First, the ALJ's assertion that the limitations found by Dr. Nakashima are "excessive" in light of "examination findings and treatment reports of record," without more is insufficient to constitute a specific and legitimate reason for rejection of Dr. Nakashima's assessments. AR. 28-29. The ALJ's assertion is essentially a finding that the limitations found by Dr. Nakashima are not supported by sufficient objective medical evidence or are contrary to the conclusions mandated by the objective findings. However, such a conclusory assertion by the ALJ does not reach the level of specificity in order to reject the opinion of a treating physician. See Embrey v. Bowen, 849 F.2d 418, 421-23 (9th Cir. 1988) ("To say that medical opinions are not supported by sufficient objective findings or are contrary to the preponderant conclusions mandated by the objective findings does not achieve the level of specificity our prior cases have required, even when the objective factors are listed seriatim. The ALJ must do more than offer his conclusions. He must set forth his own interpretations and explain why they, rather than the [treating] doctors', are correct.") (footnote omitted); see also McAllister v. Sullivan, 888 F.2d 599, 602 (9th Cir. 1989) (finding that rejecting the treating physician's opinion on the grounds that it was contrary to clinical findings in the record was "broad and vague, failing to specify why the ALJ felt the treating physician's opinion was flawed").

Moreover, the ALJ's assertion does not accurately reflect the record as a whole. Although Dr. Nakashima did not list any clinical or laboratory findings on the disability questionnaire, his treatment notes are included in the record in the preceding exhibit. See AR. 248-256. Over the course of four years, Dr. Nakashima performed multiple physical examinations of plaintiff and diagnosed plaintiff with fibromyalgia, neuropathic pain, medial epicondylitis, back pain (most likely degenerative), trochanteric bursitis, osteoarthritis, and headache (unknown etiology, but intermittent). AR 248-54. Dr. Nakashima noted multiple fibromyalgia tender points, including in plaintiff's right hand, fingers, and elbows. AR. 251, 252, 254. Plaintiff repeatedly complained of chronic pain and fatigue. AR. 248 (increasing pain in lower back and hip), 251 (continued fibromyalgia pain and back discomfort), 254 (fatigue, continued pain in feet, elbows, knees and fingers and increased sensitivity to light touch). Although Dr. Nakashima noted that in April 2012 plaintiff's back pain was not as severe and her fibromyalgia had improved, he still noted about ten tender points and recommended that that plaintiff continue her current regimen including taking Gabapentin once per day and Robaxin three to five times per day. AR. 252. These findings do not detract from Dr. Nakashima's opinion regarding the severity of plaintiff's pain and fatigue associated with his fibromyalgia because "physical examinations [of patients complaining of pain from fibromyalgia] will usually yield normal results—a full range of motion, no swelling, as well as normal muscle strength and neurological reactions." Preston v.
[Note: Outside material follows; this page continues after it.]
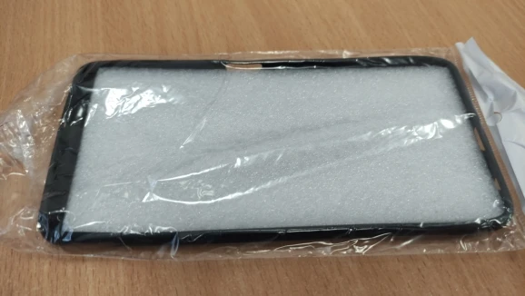 хороший, приятный на ощупь немного выперает со стороны экрана чуток пахнет резиной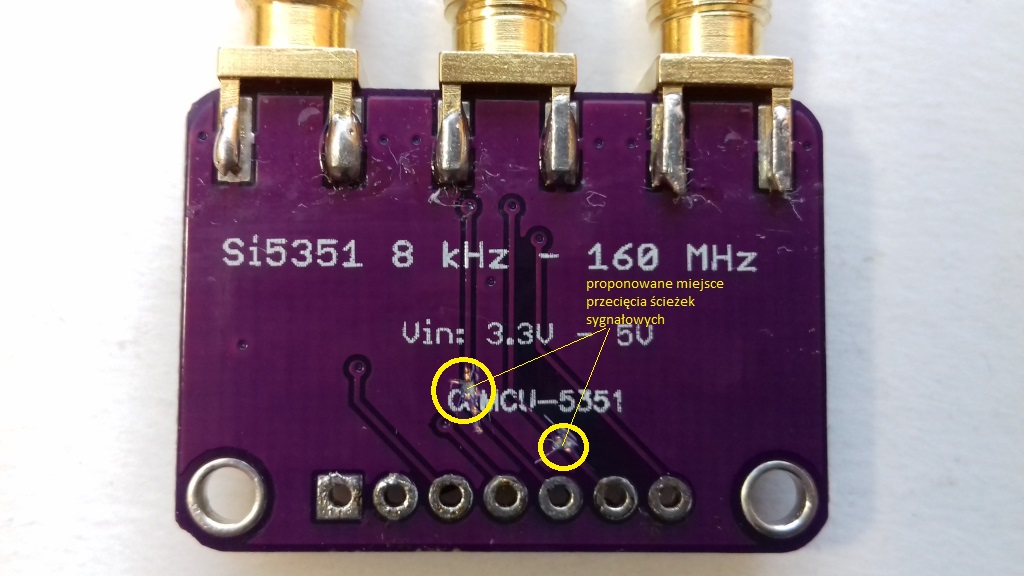 Przecinając ścieżki jak pokazałem zapewnia się, że sygnały dwóch generatorów nie będą zwarte na łączówce modułu generatora. Trzeci sygnał nie wymaga takiej korekty. W ten sposób sygnały z generatorów wyprowadzone są prawidłowe na ścieżki do złącz sma. Ja używam zarówno złącz jak i kabli zakończonych wtykami sma ale można kable sygnałowe dołączyć wprost do pól lutowniczych złącz sma. Montując zespół piny/gniazdo dla generatora Si5352 proszę zachować pokazane na zdjęciach ułożenie wzajemne pinów i gniazda albo zastosować świadomie własne ułożenie tak, aby nie nastąpiło odwrócenie sygnałów na złączu. Projektując sterownik dla AD9833 nie miałem pojęcia, że nada się on (ze zmianami jak wyżej) do Si5351 i uBITX-a . Stąd wynikłe kompromisy.

Sec. of Health & Human Servs., 854 F.2d 815, 817-18 (6th Cir. 1988). See also Revels v. Berryhill, 874 F.3d 648, 663 (9th Cir. 2017) (citing Benecke v. Barnhart, 379 F.3d 587, 590 (9th Cir. 2004) (fibromyalgia is diagnosed "entirely on the basis of patients' reports of pain and other symptoms," and "there are no laboratory tests to confirm the diagnosis."); SSR 12-2P, available at 2012 WL 3104869 at *2-3 (tender-point examinations constitute "objective medical evidence" of fibromyalgia). Thus, there is no substantial evidence to support the ALJ's finding that Dr. Nakashima's assessments of plaintiff's functional limitations were not supported by objective clinical findings or were contrary to the preponderant conclusions.
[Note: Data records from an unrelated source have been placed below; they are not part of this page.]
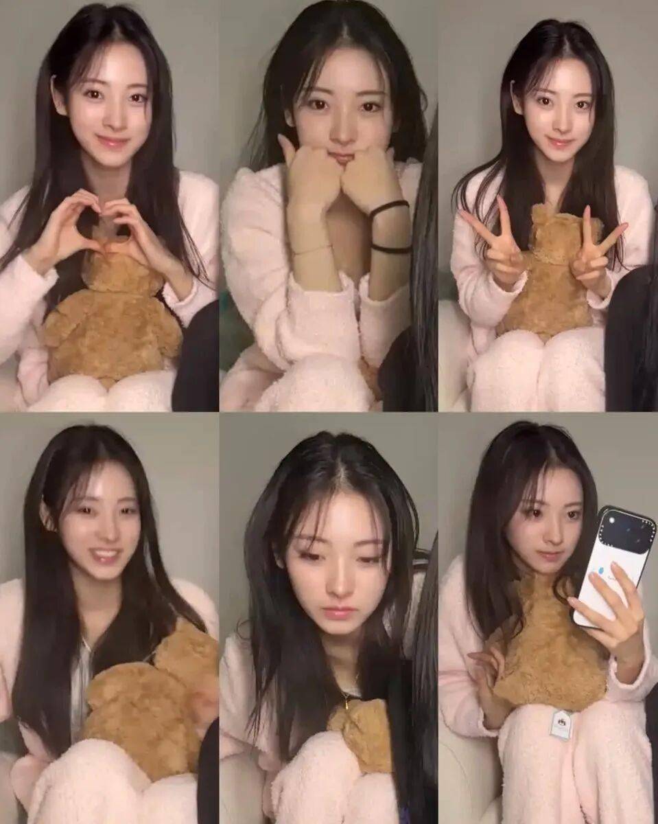 直播中,ANNA与队友秀仁一同出镜。她没有选择标志性的女团舞台妆,也没有复杂的打光和滤镜,仅仅是在简单的光线条件下,穿着一身舒适的粉色睡衣,以最居家松弛的状态面对镜头。然而,正是这种毫无防备的真实,让她清澈的肌肤状态与精致的五官轮廓彻底凸显,直播片段与截图随即在各大社交平台被疯狂转发。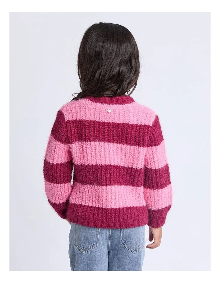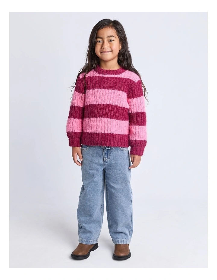 The Daria Knit Jumper by Eve Girl is perfect for all-day comfort and warmth. This jumper is crafted from soft, fluffy yarn, this jumper offers a cozy feel that's perfect for chilly days. The bold stripe design adds a pop of colour and style, paired with a relaxed fit for the perfect knit jumper.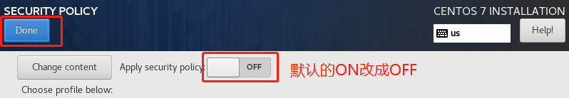11、点击SECURITY POLICY,将Apply security policy后的默认的ON改成OFF,点击Done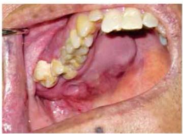 Figura 2 Fotografía intrabucal que muestra la extensión de la lesión. Nótese marcada en la mucosa la cara oclusal de la tercera molar inferior derecha.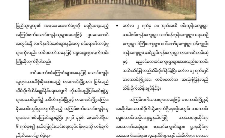 ရန်ကုန်တိုင်းဒေသကြီး၊ ကြည့်မြင်တိုင်မြို့နယ်၌ အမျိုးသား ၁၃ ဦးအား ဆူပူအကြမ်းဖက်ဆန္ဒပြရာတွင် အသုံးပြုသ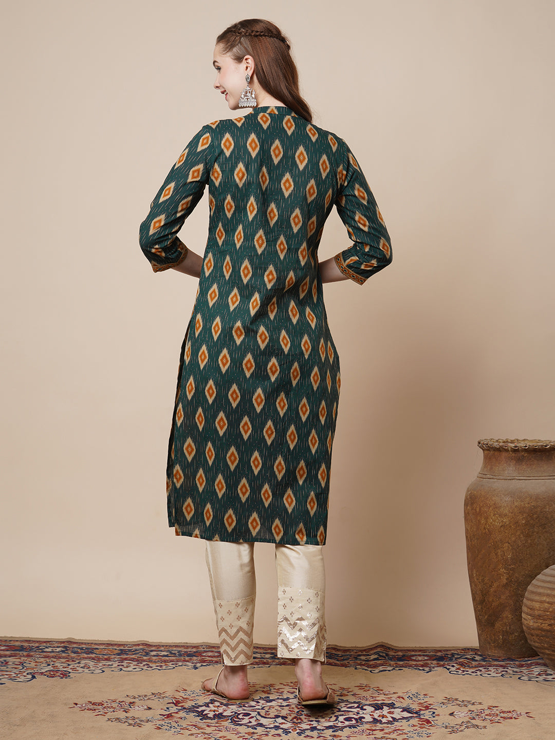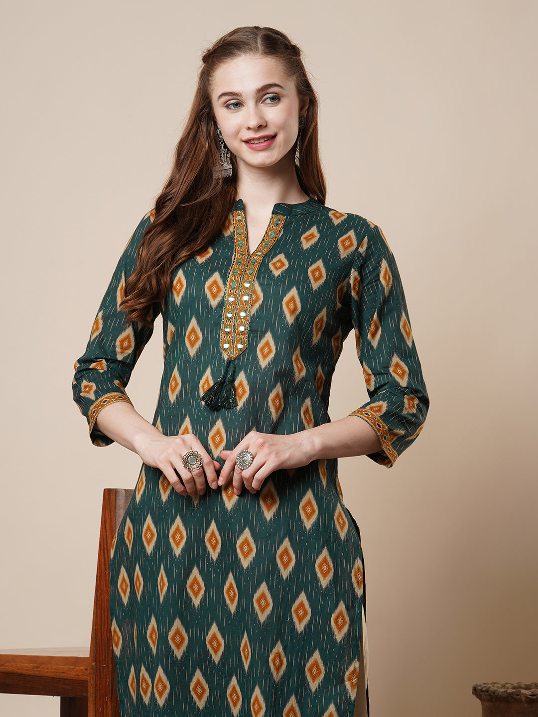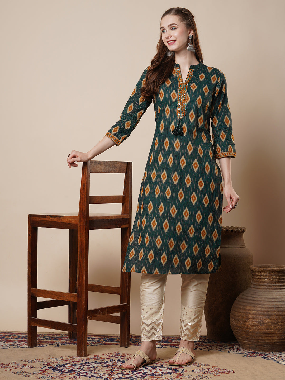 Elevate your ethnic wardrobe with this elegant green straight-fit kurta, crafted from soft, breathable cotton. Featuring a sophisticated mandarin collar and adorned with intricate ikat-inspired prints, this piece is beautifully enhanced with resham, zari, and mirror embroidery along the placket for a touch of timeless charm. Perfect for festive gatherings or casual elegance.

And even if the ALJ had pointed to substantial evidence supporting the decision not to give Dr. Nakashima's opinion controlling weight, he failed to explain why Dr. Nakashima's opinion deserved little weight. When a treating provider's opinion is not entitled to "controlling weight" because of substantial contradictory evidence, that opinion is still "entitled to deference" based on factors such as the length and nature of the treatment relationship. Orn v. Astrue, 495 F.3d 625, 632-33 (9th Cir. 2007); see also 20 C.F.R. § 404.1527(c). Here, there were several reasons to defer to Dr. Nakashima's opinion, which the ALJ failed to address - Dr. Nakashima treated plaintiff regularly since 2007 and a rheumatologist's specialized knowledge is "particularly important with respect to a disease such as fibromyalgia that is poorly understood within much of the medical community." See Benecke, 379 F.3d at 594 n.4 (The Ninth Circuit has given a rheumatologist's opinion of a claimant's fibromyalgia "greater weight than those of the other physicians because it is an opinion of a specialist about medical issues related to his or her area of specialty.").
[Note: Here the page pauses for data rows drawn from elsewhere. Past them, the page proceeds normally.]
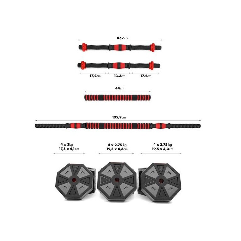 - Dimensions of the dumbbell bar: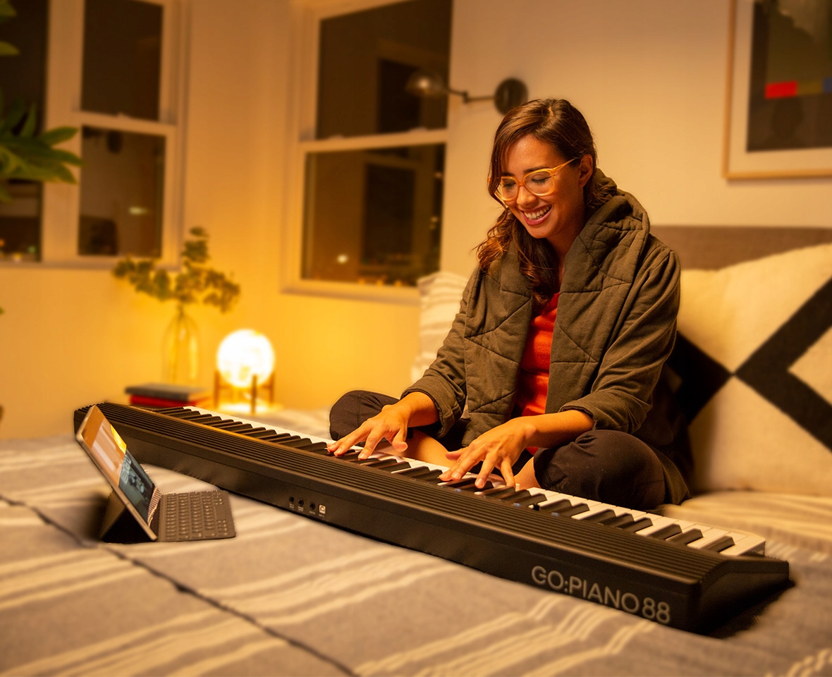 Акустичне піаніно обмежує вас одним місцем, тоді як портативні електронні клавіатури обмежують типи музики, які ви можете грати за допомогою меншої клавіатури. Завдяки GO:PIANO88 і вашому смартфону ви будете готові створювати музику щоразу, коли відчуєте натхнення. Завдяки малій вазі (7,0 кг) і заряду батареї Go:PIANO88 дозволяє грати в навушниках або через колонки. Крім того, завдяки бездротовому з’єднанню зі смартфоном ви можете працювати над своїми навичками будь-де та будь-коли, а 88 клавіш означають, що вам не потрібно йти на компроміс за рахунок техніки.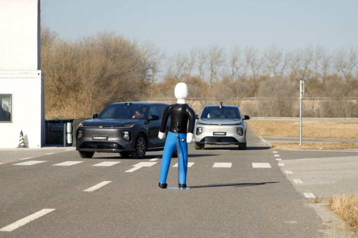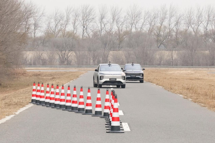「消失的TA」测试模拟高速行驶中,前车突然变道后暴露前方静止障碍的极端场景,主要验证车辆紧急避障(AES)功能的响应速度与操作精度。测试中,两辆车在同一车道以相同速度行驶,前方车辆在接近模拟障碍时突然变道,后方测试车辆不进行任何人为干预,分别以60km/h、70km/h、80km/h的速度通过测试。

Defendant argues that Dr. Nakashima "likely premised his opinion on subjective allegations, since there is no objective support provided." Dkt. 11 at 11. However, the Court cannot "affirm the decision of an agency on a ground the agency did not invoke in making its decision." Stout v. Comm'r of Soc. Sec. Admin, 454 F.3d 1050, 1054 (9th Cir. 2006). "Long-standing principles of administrative law require us to review the ALJ's decision based on the reasoning and actual findings offered by the ALJ - - not post hoc rationalizations that attempt to intuit what the adjudicator may have been thinking." Bray v. Comm'r of SSA, 554 F.3d 1219, 1225-26 (9th Cir. 2009) (citing SEC v. Chenery Corp., 332 U.S. 194, 196 (1947) (other citation omitted)). As the ALJ did not state that he was giving little weight to Dr. Nakashima's opinion because it was based on plaintiff's subjective testimony, the Court is not persuaded by defendant's argument. And even if the Court were to consider this argument, as noted above, Dr. Nakashima conducted various physical examinations throughout his treatment of plaintiff which supports Dr. Nakashima's opinion and is not based solely on plaintiff's subjective complaints or self-assessed functional limitations.

Thus, the Court finds that the ALJ has not provided a specific and legitimate reason supported by substantial evidence for discounting Dr. Nakashima's opinion.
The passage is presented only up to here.